The challenge is how and what to preach during a time of such great change in perspectives. The congregation is likely to be in different places in the changeover, especially with respect to varying issues. A congregation of African Americans are going to understand and hear the prophetic dimension with regards to Racism more easily than most white congregations (the segregation on Sunday mornings continuing to be a big part of the problem). In 2015, in the aftermath of the Charleston massacre, I was preaching to a mostly white congregation. So instead of preaching more fully in the prophetic dimension of Jesus' message, I chose a 'meta-level': preaching about what it takes for us to recover the prophetic dimension. I focus on two great needs for that recovery: adult education or catechism, and contemplative prayer (paving the way for simply ending the sermon in prayer for the victims and their families, Charleston, and our nation). It was a sermon extemporized from PowerPoint slides, "Recovering the Prophetic in Response to the Charleston Terrorist Massacre."

For adult catechism on Racism, I highly recommend the two-and-a-half day training by Crossroads Antiracism Organizing & Training. It is also crucial to study Michelle Alexander's The New Jim Crow; there are great support materials through the Unitarian Universalist Association website. For more on contemplative prayer, I recommend the works of Richard Rohr and Martin Laird. In the above sermon I used a quote from Martin Laird's Into the Silent Land, where a recovering drug addict James tells his story, using the imagery of today's Gospel:

“Prayer has shown me the calm at the center of the storm, something that is silent even when the chaos rages.” Once during a particularly difficult storm of inner chaos something happened that he could only call a spiritual breakthrough. “One morning I was sitting in the chapel where I like to go to pray. The chaos was pretty bad. I thought my head was going to explode. I can’t really describe what happened next, but it was as though while trying to pray I fell into hell. I stopped fighting and just prayed there in hell. Then I felt a welling up of love within me, a love for all people who struggle, who screw up, who have been defined out of the picture, people who despair, people who are told they aren’t the right race, gender or orientation. I saw how I was part of all this, how I judge people who fail and condemn people who are different. I saw how it was all tied to my self-loathing. And there I prayed in solidarity with all people who struggle. I moved beyond my self-loathing and felt one with all these people.” (p. 113)

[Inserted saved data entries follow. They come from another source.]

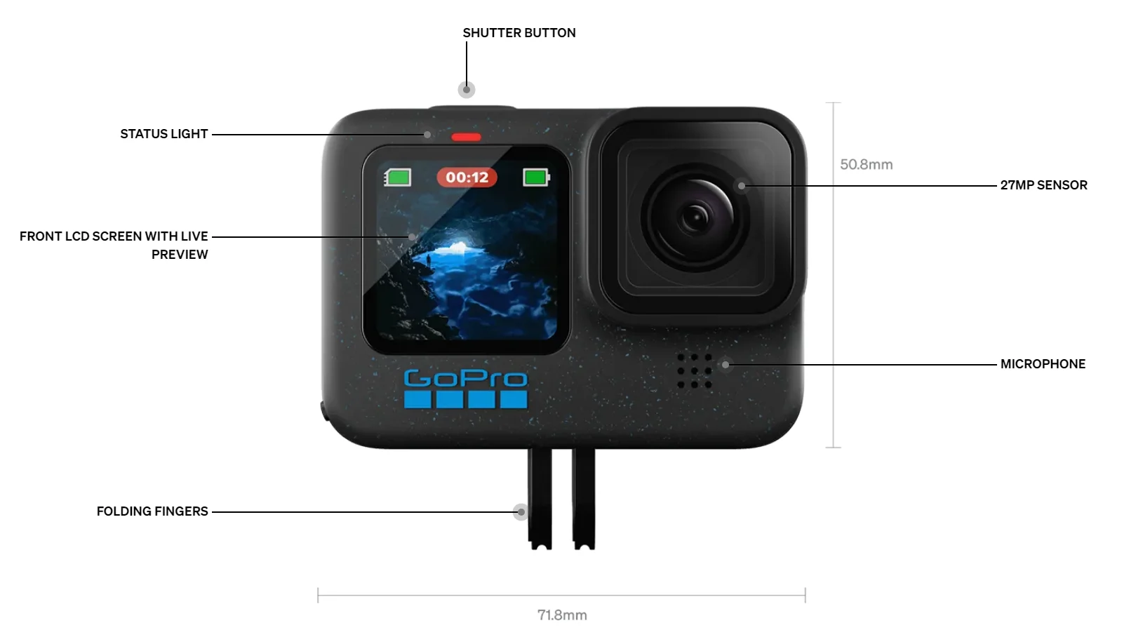 Благодаря улучшенному управлению питанием HERO12 Black обеспечивает в 2 раза более длительную непрерывную запись при 5, 3 К60 (70 минут) плюс более 1,5 часов при 5, 3 к30 и более 2,5 часов непрерывной записи при 1080 пикселей 30.²
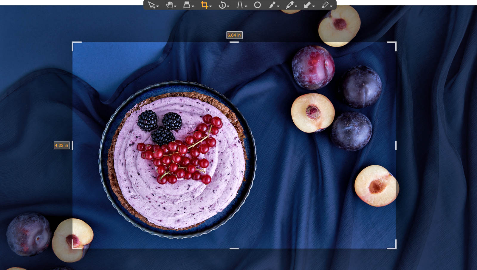 Zuschneidetool. Dank der gut sichtbaren Griffe im neuen Zuschneidetool können Sie Bildausschnitte leichter festlegen und transformieren. Schneiden Sie sofort von der Mitte aus zu, drehen Sie den Ausschnitt oder legen Sie ein bestimmtes Seitenverhältnis mit den Modifikatortasten fest.
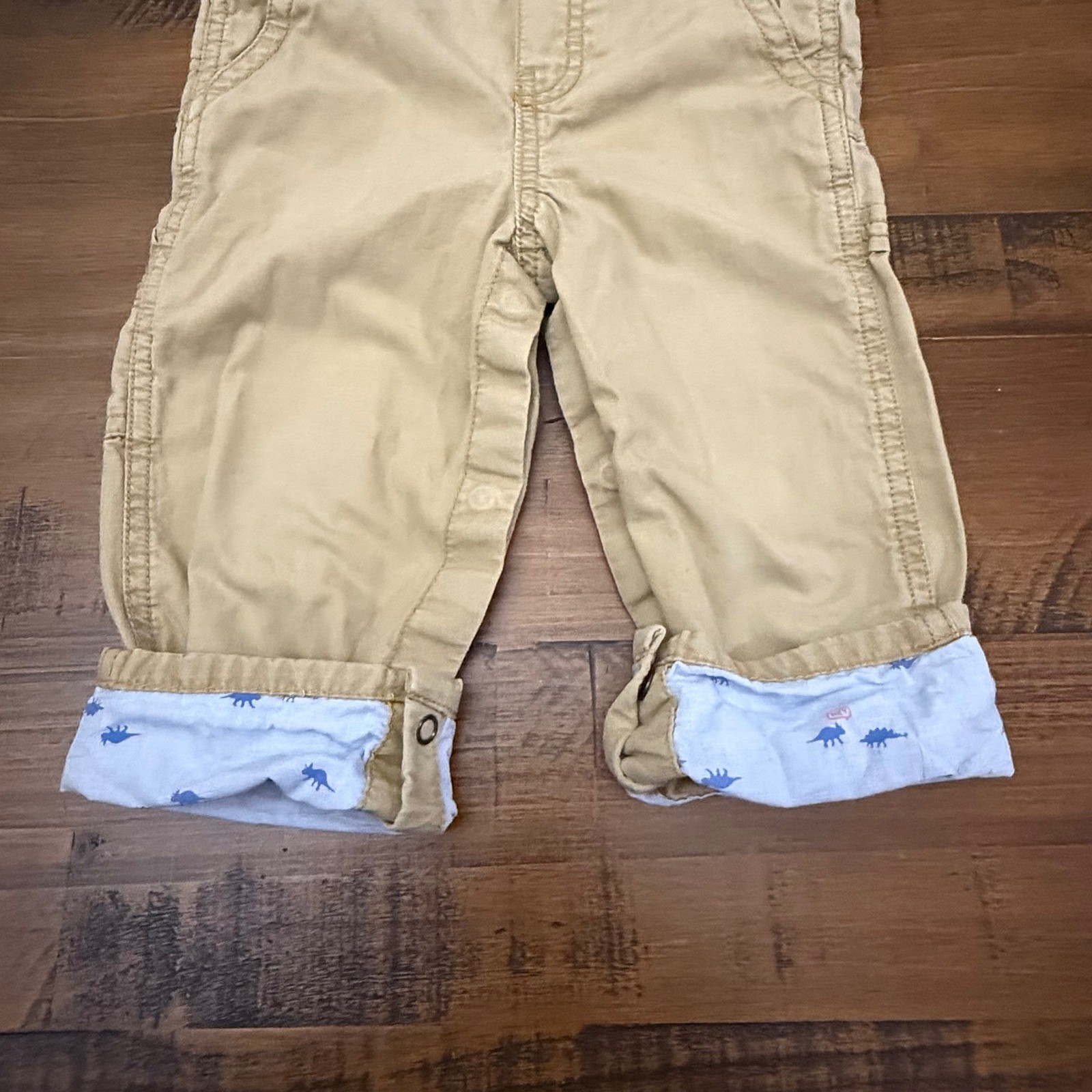 как выглядит OshKosh Bgosh Kids Tan Dinosaur Print Lined Overalls Size 24M фото
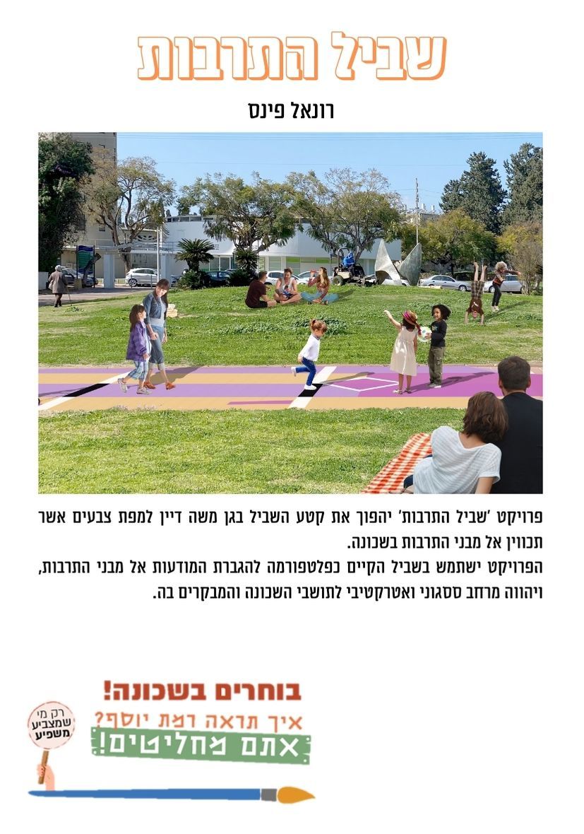 פרוייקט שביל התרבות, יהפוך את קטע השביל בגן משה דיין למפת צבעים אשר תכוון אל מבנה התרבות בשכונה. הפרוייקט ישתמש בשביל הקיים כפלטפורמה להגברת המודעות אל מבני התרבות ויהווה מרחב ססגוני ואטרקטיבי לתושבי השכונה והמבקרים בה.
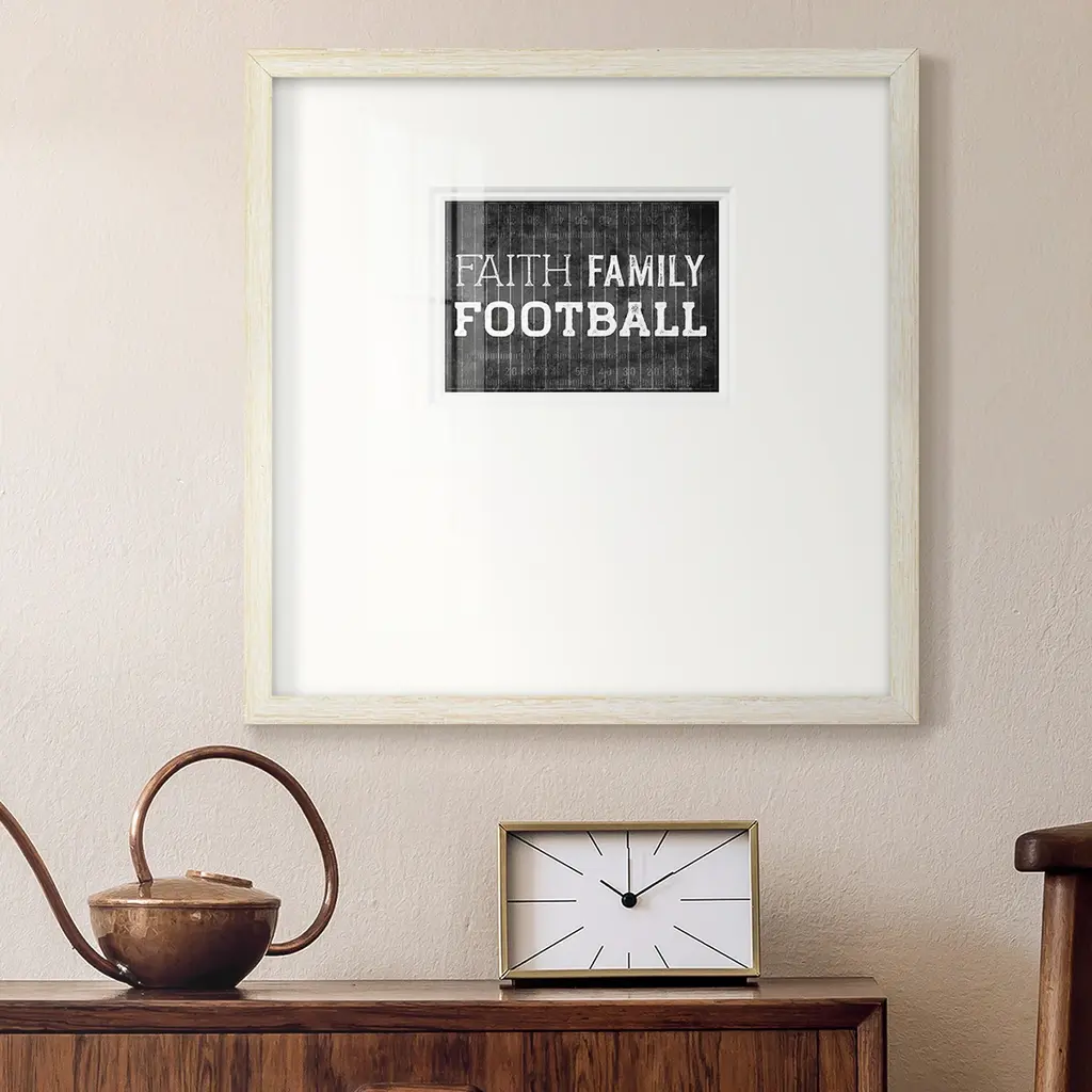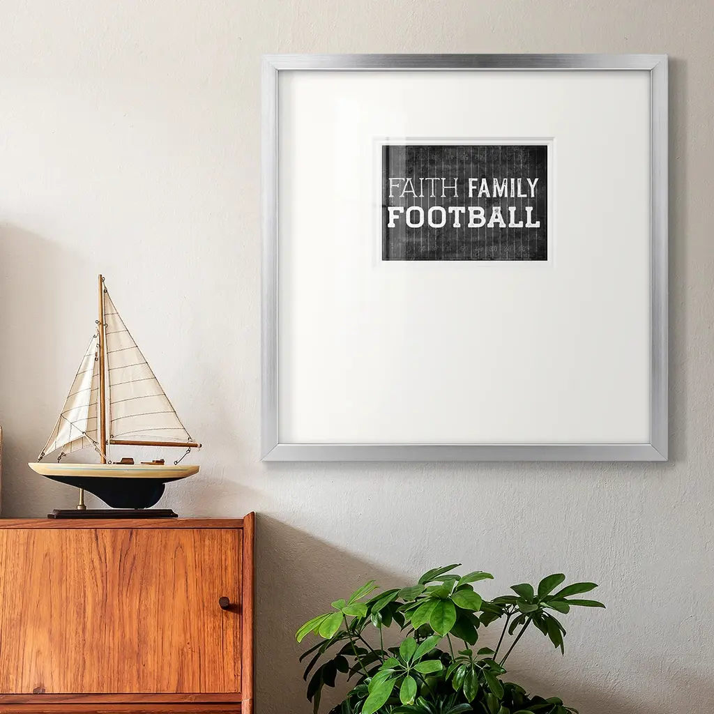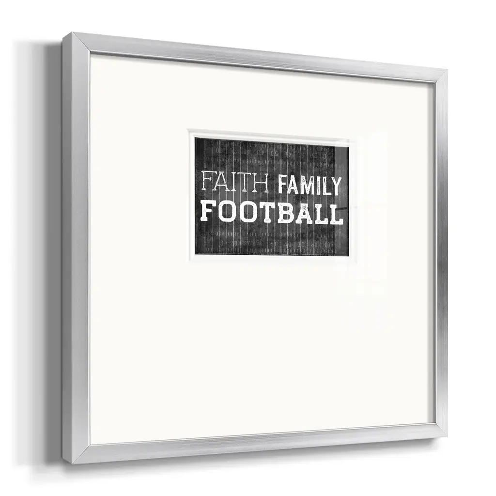 Faith Family FootballPremium Framed Print A framed cold pressed paper print featuring superior double matting and quality frame. 2 SIZES AVAILABLE 16''X16''' - Overall Size 20''X20''' - Overall Size Each piece is made to order. Each piece comes with hanging hardware. Made in the USA Ready to Hang Giclee Paper Print Plexiglass Beveled Matt Board Double Matte Board
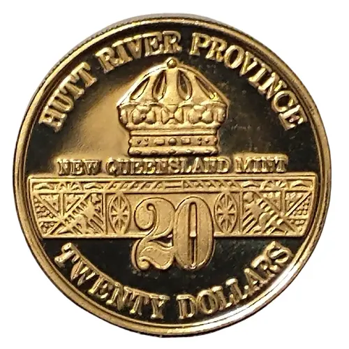 | Obverse lettering | HUTT RIVER PROVINCE NEW QUEENSLAND MINT 20 TWENTY DOLLARS |

2. In a Year A parallel to this story, where Matthew adds Peter trying to walk on water, I see the water imagery in the biblical convention of floods of water as a cover for violence. The sermon with a Girardian theme (from 2002) is "Faith Is Rising Above the Stormy Seas of Violence." For more on water imagery for violence in the Bible see the page for that week, Proper 14A.

3. Is this story a foil for the one in the garden of Gethsemane? In the latter story it is the disciples who are asleep at a time of need. We can compare the disciples reaction of panic in the storm narrative -- "Do you not care that we are perishing? -- with Jesus words of preparation: "I am deeply grieved, even to death; remain here, and keep awake." He then has to chide them to stay awake. Another difference is that with the sea and wind, Jesus is in control and can bring peace. But with the scapegoating mechanism, he is relinquishing control and letting it overwhelm him as the way to bring peace. It is immediately after the garden scene that the disciples prove themselves to be rocky soil, falling away as persecution arrives.